Want to join the conversation?
- How do we know there are no repeated positive integers in your matrix? (so we won't be counting a divisor more than once)(25 votes)
- Fundamental theory of arithmetic states that each number has a unique prime factorization. Let's say that a=2, b=3, c=5. Then we are looking for every unique combination of a,b, and c. So a, b, c, ab, ac, bc, abc, a2b, ab2, a2c ac2, etc... if the grid has on one row 1, a, a2, a3 and the other row 1, b, b2, b3 then were going to get every combination of a and b and we can see that were going to get a grid of unique factorizations and therefore unique numbers. Let's just do this by example for the non-believers.
1 b b2 b3
________________
1 |1 b b2 b3
a |a ab ab2 ab3
a2 |a2 a2b a2b2 a2b3
a3 |a3 a3b a3b2 a3b2
SO these are all of the factorizations with just combinations of a and b. All of these factorizations are unique factorizations and therefore unique numbers.
If we can agree that all the numbers on the first grid plane are unique then we know that all the numbers multiplied by another prime factor c will also be unique as will the ones multiplied by c2 and c3 since these are all unique prime factorizations.(40 votes)
- What does a 3 with a little 3 on it mean?(3 votes)
- it means that three has three extra brothers whose name is also 3. and multiply the three brothers(5 votes)
- Doesn't the solution provided skip the factors of 27000 that are made by combining the 5's and the 2's only as well as those that combine the 5's and the 3's only?(2 votes)
- They are not skipped.
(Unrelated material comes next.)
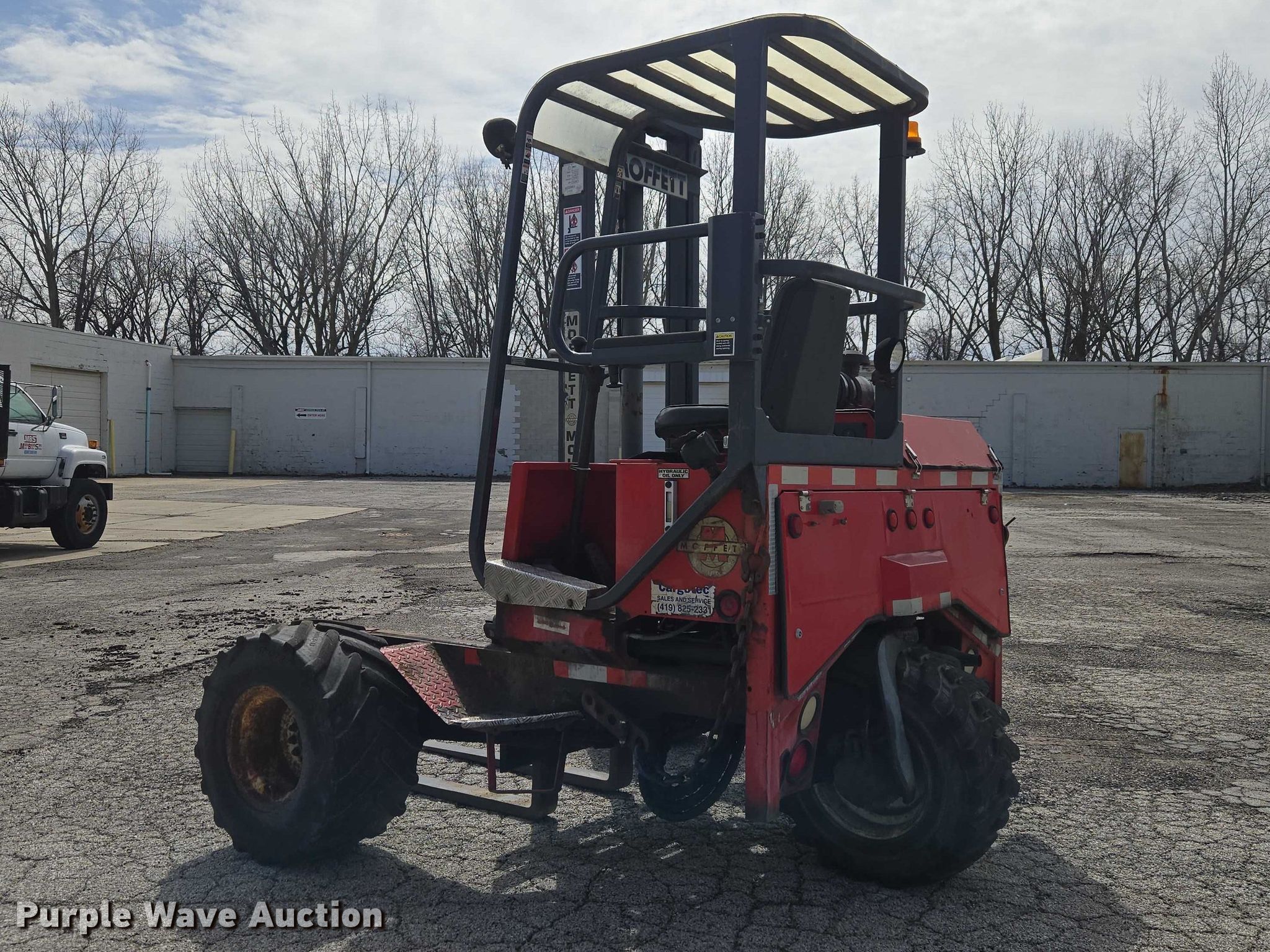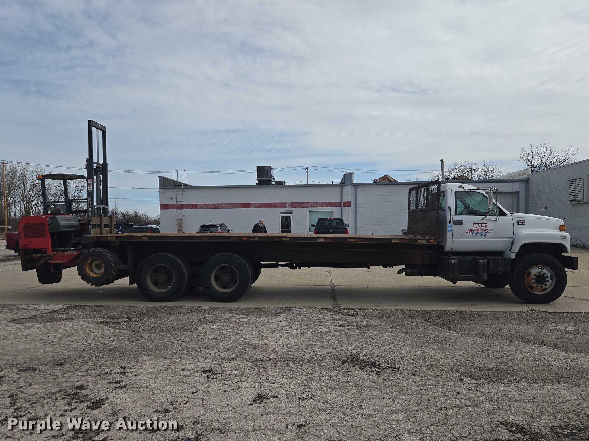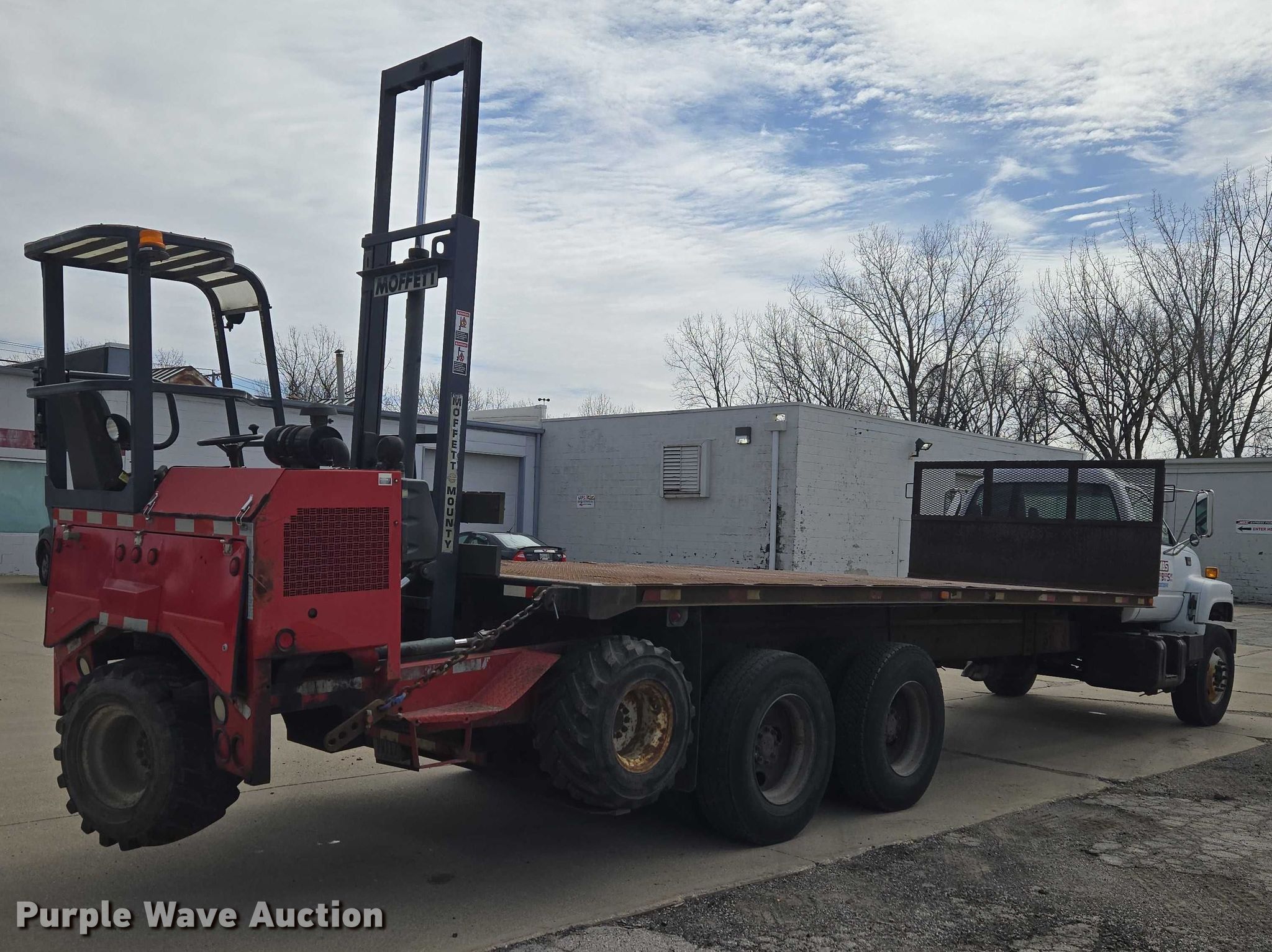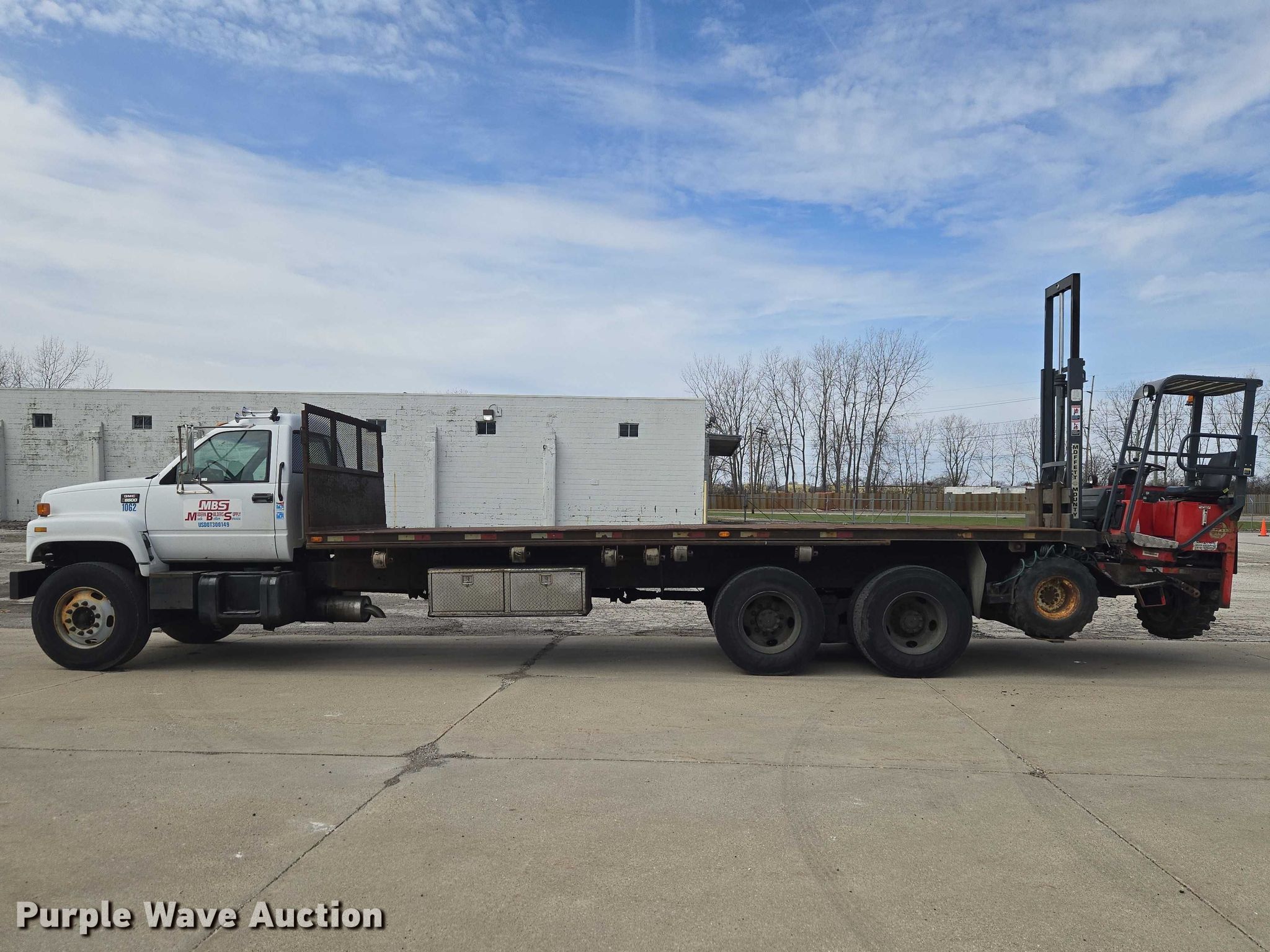 2000 GMC C8500 flatbed truck. Miles: 228,838 on odometer, VIN: 1GDT7H4C6YJ517915. Engine Caterpillar 3126, Cylinders: 6, Fuel type: Diesel. Transmission Eaton Fuller, Manual, Speed: 10. Chassis Axles: Tandem, Differential lock: Inter-axle, Suspension: Spring over walking beam, Brakes: Air, GVWR: 53,220 lbs. Interior AC, Heat. Features Bed Flatbed, Length: 24' 5", Width: 8' Forklift mount.. Tires Front: 315/80R22.5, Rear: 11R22.5. 2000 Moffeett M5000 forklift Hours: 1,777 on meter, Serial: 250076. Engine Kubota, Displacement: 2.2L, Cylinders: 5, Fuel type: Diesel, kW: 36.6. Transmission Hydrostatic. Chassis Differential lock. Operators station OROPS. Features Maximum lift capacity: 5,000 lbs, Mast stages: 1, Side shift, Mast tilt, Fork length: 45". Tires Size: 31x15.5-15. Notes Hydraulic issues. Ohio title. Title distribution may be delayed up to 30 days from verification of funds. Modern Builders Supply. Toledo, OH 43612

For instance if there are no 3's then that is accounted for by 3^0=1, which corresponds to the second coloumn of the matrix.(4 votes)
- how do you know what order you putt the steps in(2 votes)
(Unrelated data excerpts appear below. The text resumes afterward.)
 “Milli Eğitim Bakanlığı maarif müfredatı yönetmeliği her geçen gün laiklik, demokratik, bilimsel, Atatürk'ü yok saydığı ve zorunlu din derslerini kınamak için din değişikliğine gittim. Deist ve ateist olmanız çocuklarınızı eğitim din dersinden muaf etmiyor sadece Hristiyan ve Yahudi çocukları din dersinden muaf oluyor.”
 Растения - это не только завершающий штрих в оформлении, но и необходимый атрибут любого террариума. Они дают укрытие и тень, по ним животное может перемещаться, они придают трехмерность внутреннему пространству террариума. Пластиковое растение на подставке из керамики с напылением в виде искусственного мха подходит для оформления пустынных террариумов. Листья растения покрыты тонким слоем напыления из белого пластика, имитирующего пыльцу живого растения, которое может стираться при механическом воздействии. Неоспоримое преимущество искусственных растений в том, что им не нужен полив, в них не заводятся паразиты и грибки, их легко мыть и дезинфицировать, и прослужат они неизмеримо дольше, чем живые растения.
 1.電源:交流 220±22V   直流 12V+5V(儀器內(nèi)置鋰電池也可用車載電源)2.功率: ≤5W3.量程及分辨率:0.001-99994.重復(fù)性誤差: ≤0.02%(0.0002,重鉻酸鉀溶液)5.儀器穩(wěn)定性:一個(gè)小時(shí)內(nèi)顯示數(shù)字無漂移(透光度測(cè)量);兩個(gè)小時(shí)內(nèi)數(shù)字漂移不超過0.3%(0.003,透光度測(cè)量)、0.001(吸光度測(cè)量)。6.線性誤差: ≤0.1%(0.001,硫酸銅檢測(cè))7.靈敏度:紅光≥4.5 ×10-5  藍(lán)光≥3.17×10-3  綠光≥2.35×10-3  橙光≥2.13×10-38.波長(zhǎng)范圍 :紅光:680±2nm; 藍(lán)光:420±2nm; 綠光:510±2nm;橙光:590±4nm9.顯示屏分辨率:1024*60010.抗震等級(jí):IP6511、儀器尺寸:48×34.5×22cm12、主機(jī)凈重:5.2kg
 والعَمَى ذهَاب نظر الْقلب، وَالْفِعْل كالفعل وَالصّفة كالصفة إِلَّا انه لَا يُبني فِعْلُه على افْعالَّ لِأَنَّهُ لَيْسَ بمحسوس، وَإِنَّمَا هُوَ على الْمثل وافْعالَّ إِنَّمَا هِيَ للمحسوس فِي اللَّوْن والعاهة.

- What if there was a remainder? For example, how many positive integers would there be that leaves a remainder of 4 when divided by 100? How would you solve that?(1 vote)
- There are an infinite number. Consider any number M such that M = 100*n plus 4. When divided by 100, this number will have a remainder of 4. There is no limit to n, so there is no limit to the number of M's which would have such a remainder.(3 votes)
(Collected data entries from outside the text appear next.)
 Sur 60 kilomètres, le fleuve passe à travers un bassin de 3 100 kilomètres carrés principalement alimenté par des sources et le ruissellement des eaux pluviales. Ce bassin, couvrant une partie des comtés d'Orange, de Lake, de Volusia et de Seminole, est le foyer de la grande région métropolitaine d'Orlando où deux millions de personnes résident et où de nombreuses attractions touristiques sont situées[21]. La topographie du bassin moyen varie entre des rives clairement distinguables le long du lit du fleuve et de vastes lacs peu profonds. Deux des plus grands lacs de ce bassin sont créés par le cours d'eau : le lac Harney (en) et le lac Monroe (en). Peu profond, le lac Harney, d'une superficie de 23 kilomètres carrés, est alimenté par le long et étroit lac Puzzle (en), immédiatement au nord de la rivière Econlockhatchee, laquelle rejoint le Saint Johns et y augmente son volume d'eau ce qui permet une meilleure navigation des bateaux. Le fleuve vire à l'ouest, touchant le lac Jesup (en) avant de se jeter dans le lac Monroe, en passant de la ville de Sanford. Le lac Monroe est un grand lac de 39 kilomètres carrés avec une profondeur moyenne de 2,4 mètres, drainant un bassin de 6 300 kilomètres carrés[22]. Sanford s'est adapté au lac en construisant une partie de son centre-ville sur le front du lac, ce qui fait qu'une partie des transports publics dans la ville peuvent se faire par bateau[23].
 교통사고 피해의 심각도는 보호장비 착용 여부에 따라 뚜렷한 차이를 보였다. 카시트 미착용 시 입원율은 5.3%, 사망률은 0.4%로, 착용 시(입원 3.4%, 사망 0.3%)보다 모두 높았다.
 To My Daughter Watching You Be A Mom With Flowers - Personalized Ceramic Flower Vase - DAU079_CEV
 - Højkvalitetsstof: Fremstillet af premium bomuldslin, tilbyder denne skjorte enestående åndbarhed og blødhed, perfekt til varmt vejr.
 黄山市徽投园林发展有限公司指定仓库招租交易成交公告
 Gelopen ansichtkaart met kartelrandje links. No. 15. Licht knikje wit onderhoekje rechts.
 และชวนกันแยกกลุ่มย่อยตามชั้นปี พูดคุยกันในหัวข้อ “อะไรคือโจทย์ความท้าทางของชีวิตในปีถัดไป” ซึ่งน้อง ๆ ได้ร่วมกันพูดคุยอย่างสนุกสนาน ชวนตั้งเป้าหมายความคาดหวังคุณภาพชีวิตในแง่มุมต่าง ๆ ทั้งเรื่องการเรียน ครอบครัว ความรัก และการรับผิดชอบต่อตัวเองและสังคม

- This is a great video by the way. It really has helped me a lot! I was just wondering why you use only 2&3 for the table but not 5. Thank you.(1 vote)
- What happens to the factors with no 2 or 3 in them?(1 vote)
- That would correspond to the first row, first column of the matrix: i.e: 1X1. This has no factors of 2 or 3 in it when multiplied by 5(1 vote)
- I've got an easier way: check this website!
https://math.stackexchange.com/questions/163245/finding-sum-of-factors-of-a-number-using-prime-factorization(1 vote) - Why would you say that there are zero 5's, when 27,000 is factored into 2's 3's AND 5's?(1 vote)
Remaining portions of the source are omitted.